Problem details:
Exactly the lines from the one containing "Les actions clandestines, comme" through the one containing "February 23 2011: The" in the listing below are to be copied, with the pictures left out.
[Data under study Boundary: Start]
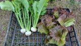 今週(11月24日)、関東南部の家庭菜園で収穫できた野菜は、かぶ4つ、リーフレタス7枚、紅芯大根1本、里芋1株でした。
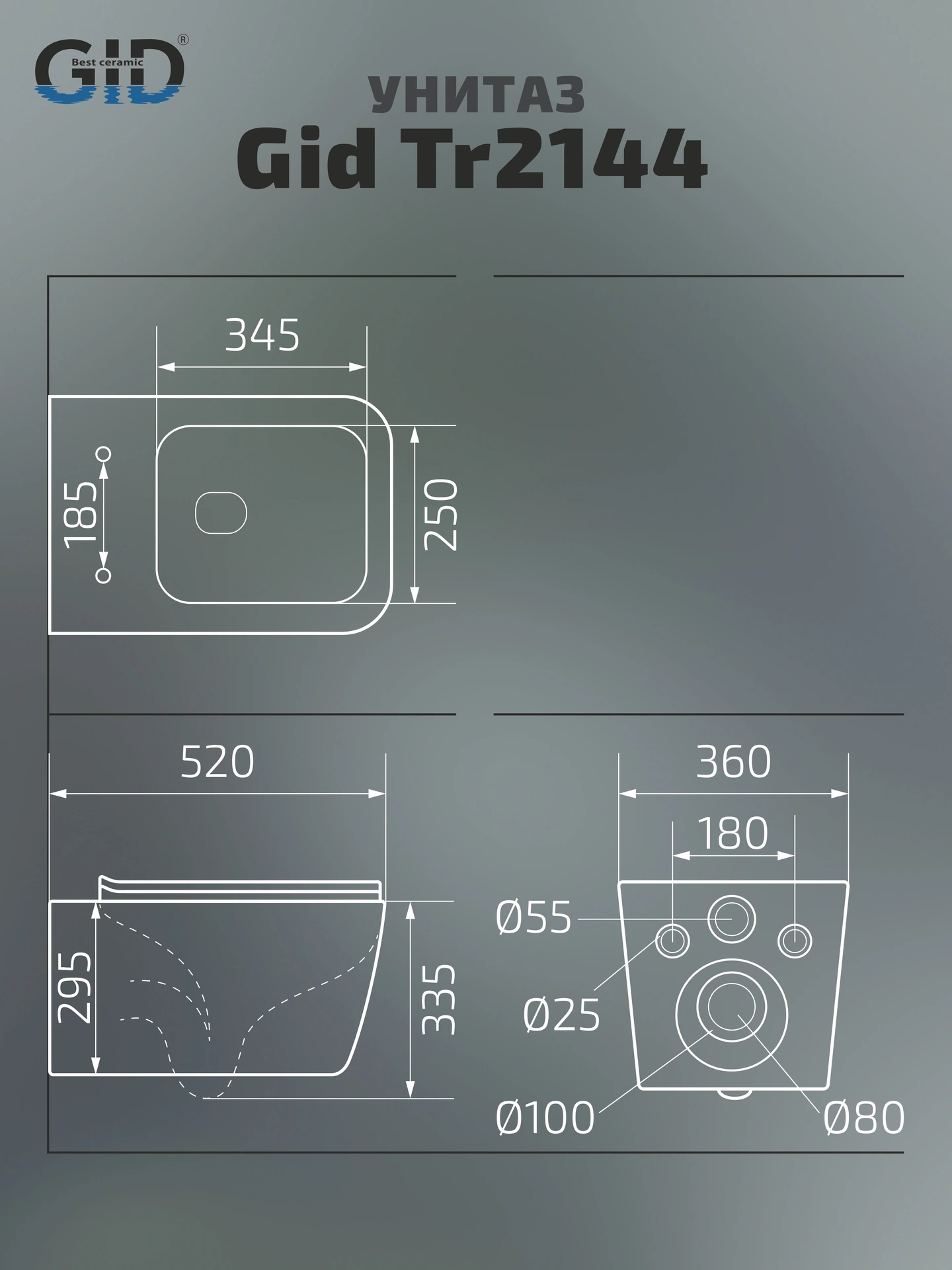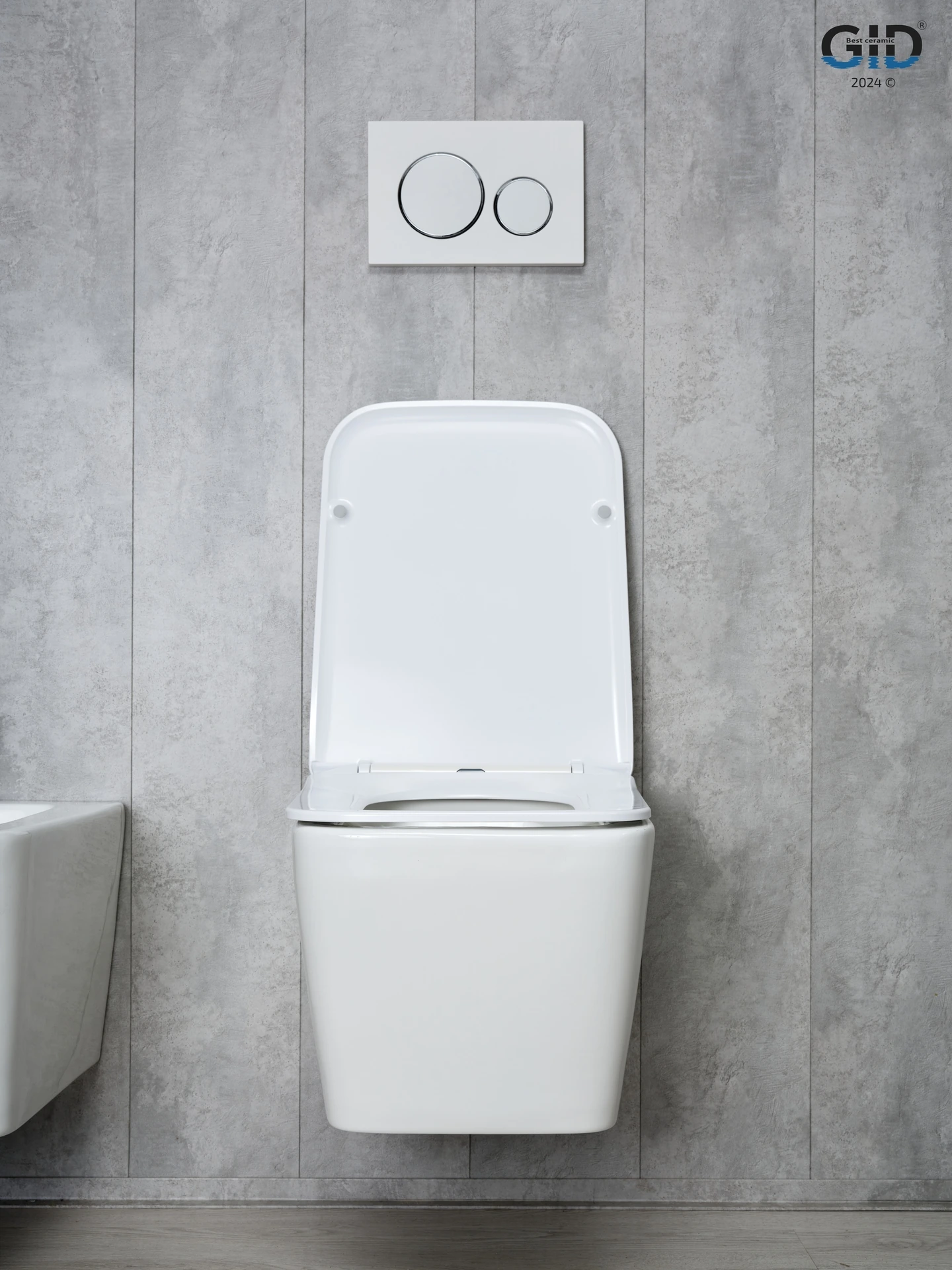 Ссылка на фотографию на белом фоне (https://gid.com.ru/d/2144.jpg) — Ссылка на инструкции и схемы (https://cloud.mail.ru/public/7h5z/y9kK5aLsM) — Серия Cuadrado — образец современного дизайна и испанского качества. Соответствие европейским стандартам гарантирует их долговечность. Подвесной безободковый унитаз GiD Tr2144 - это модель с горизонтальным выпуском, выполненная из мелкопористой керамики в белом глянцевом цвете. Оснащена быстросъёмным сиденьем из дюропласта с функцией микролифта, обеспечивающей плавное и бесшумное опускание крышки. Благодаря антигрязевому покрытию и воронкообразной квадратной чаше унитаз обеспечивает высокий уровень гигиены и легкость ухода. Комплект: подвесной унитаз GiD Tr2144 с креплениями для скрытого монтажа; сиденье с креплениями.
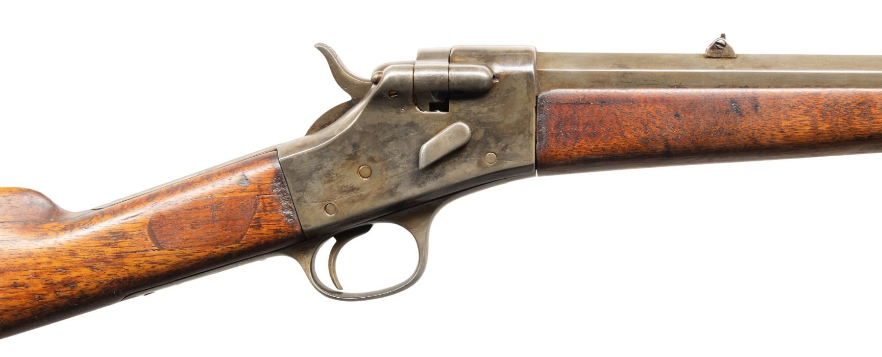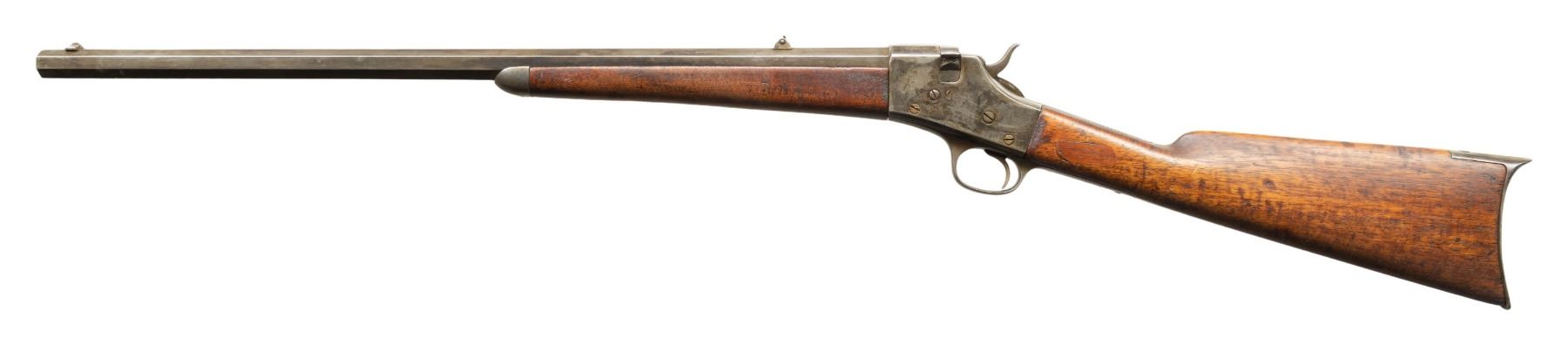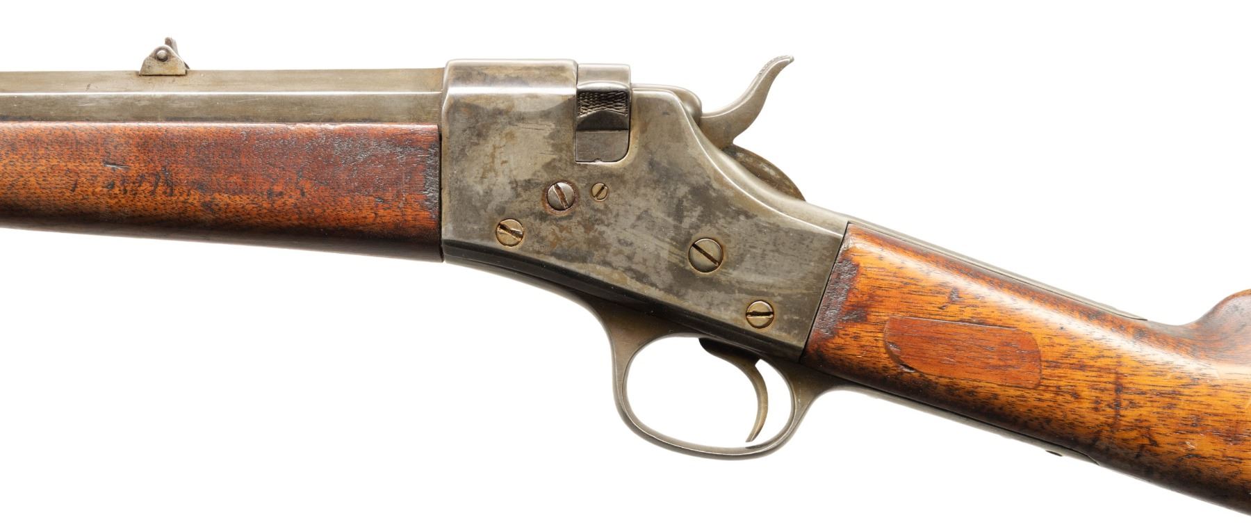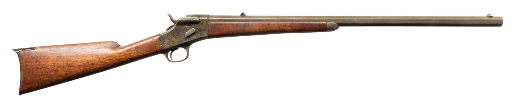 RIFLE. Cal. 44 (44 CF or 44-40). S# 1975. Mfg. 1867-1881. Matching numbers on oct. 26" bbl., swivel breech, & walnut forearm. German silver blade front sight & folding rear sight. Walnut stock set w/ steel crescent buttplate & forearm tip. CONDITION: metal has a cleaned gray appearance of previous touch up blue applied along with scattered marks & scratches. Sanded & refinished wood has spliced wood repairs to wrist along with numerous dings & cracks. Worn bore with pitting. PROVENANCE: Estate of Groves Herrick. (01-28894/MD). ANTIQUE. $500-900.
[Data under study Boundary: End]
[Data under study Boundary: Start]
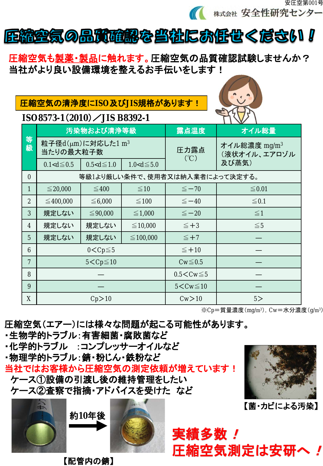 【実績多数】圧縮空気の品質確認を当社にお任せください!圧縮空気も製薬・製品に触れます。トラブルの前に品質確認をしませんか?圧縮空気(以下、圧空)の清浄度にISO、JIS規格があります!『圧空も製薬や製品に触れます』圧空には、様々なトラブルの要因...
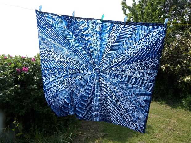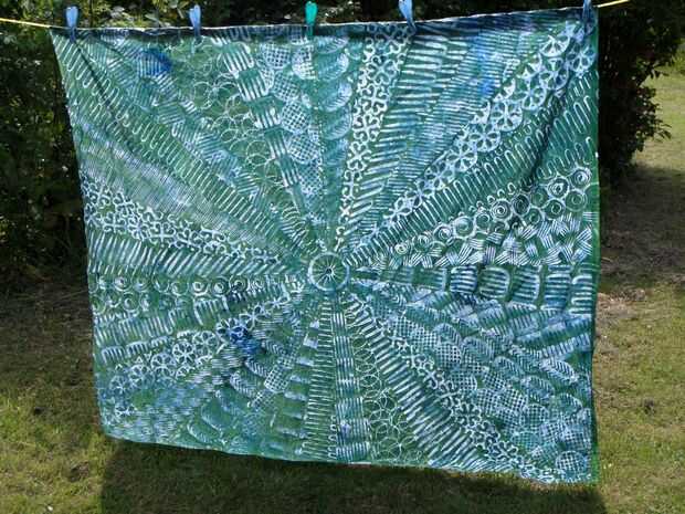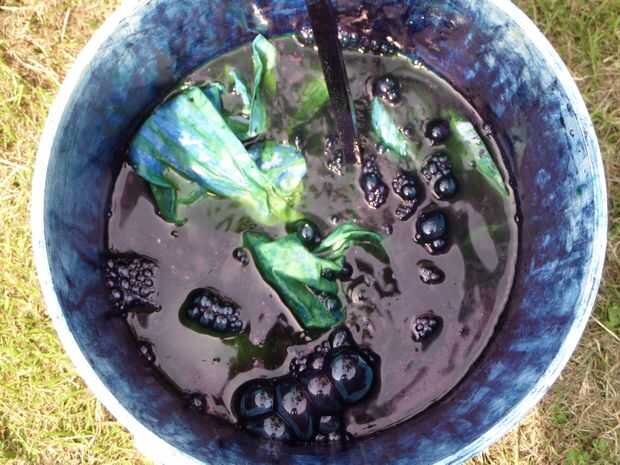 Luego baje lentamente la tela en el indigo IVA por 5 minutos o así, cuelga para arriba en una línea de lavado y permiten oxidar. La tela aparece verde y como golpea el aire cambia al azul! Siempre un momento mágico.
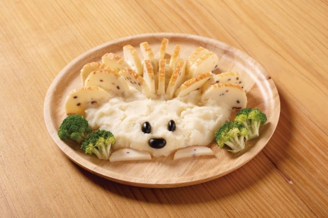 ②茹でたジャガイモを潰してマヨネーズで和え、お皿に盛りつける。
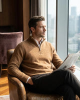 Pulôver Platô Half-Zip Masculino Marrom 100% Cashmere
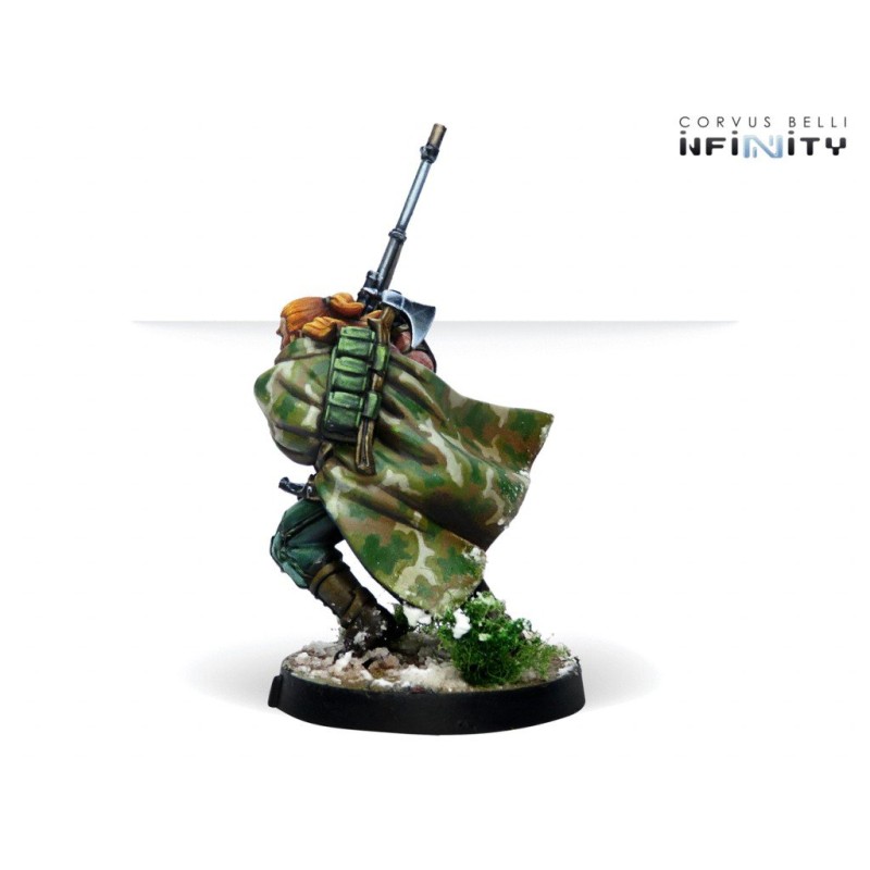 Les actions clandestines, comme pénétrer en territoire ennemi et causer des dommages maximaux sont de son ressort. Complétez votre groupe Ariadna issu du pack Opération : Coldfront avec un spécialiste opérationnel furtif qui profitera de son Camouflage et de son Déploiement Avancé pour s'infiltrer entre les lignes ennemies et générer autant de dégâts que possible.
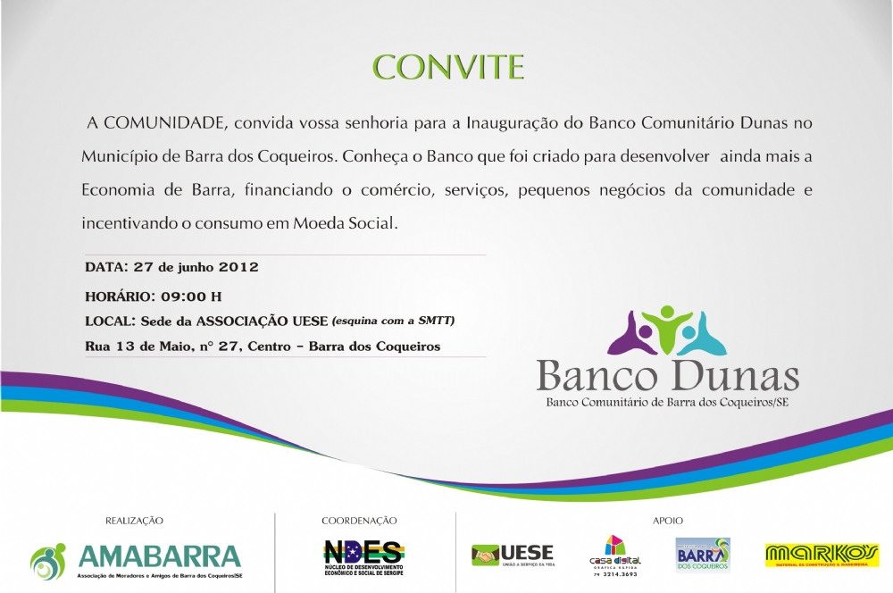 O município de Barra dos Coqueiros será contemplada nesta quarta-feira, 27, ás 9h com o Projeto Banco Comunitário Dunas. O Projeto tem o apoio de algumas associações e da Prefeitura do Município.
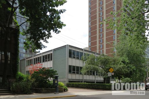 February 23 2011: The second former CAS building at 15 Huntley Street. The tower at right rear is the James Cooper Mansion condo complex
[Data under study Boundary: End]
Exercise solution:
 Les actions clandestines, comme pénétrer en territoire ennemi et causer des dommages maximaux sont de son ressort. Complétez votre groupe Ariadna issu du pack Opération : Coldfront avec un spécialiste opérationnel furtif qui profitera de son Camouflage et de son Déploiement Avancé pour s'infiltrer entre les lignes ennemies et générer autant de dégâts que possible.
 O município de Barra dos Coqueiros será contemplada nesta quarta-feira, 27, ás 9h com o Projeto Banco Comunitário Dunas. O Projeto tem o apoio de algumas associações e da Prefeitura do Município.
 February 23 2011: The second former CAS building at 15 Huntley Street. The tower at right rear is the James Cooper Mansion condo complex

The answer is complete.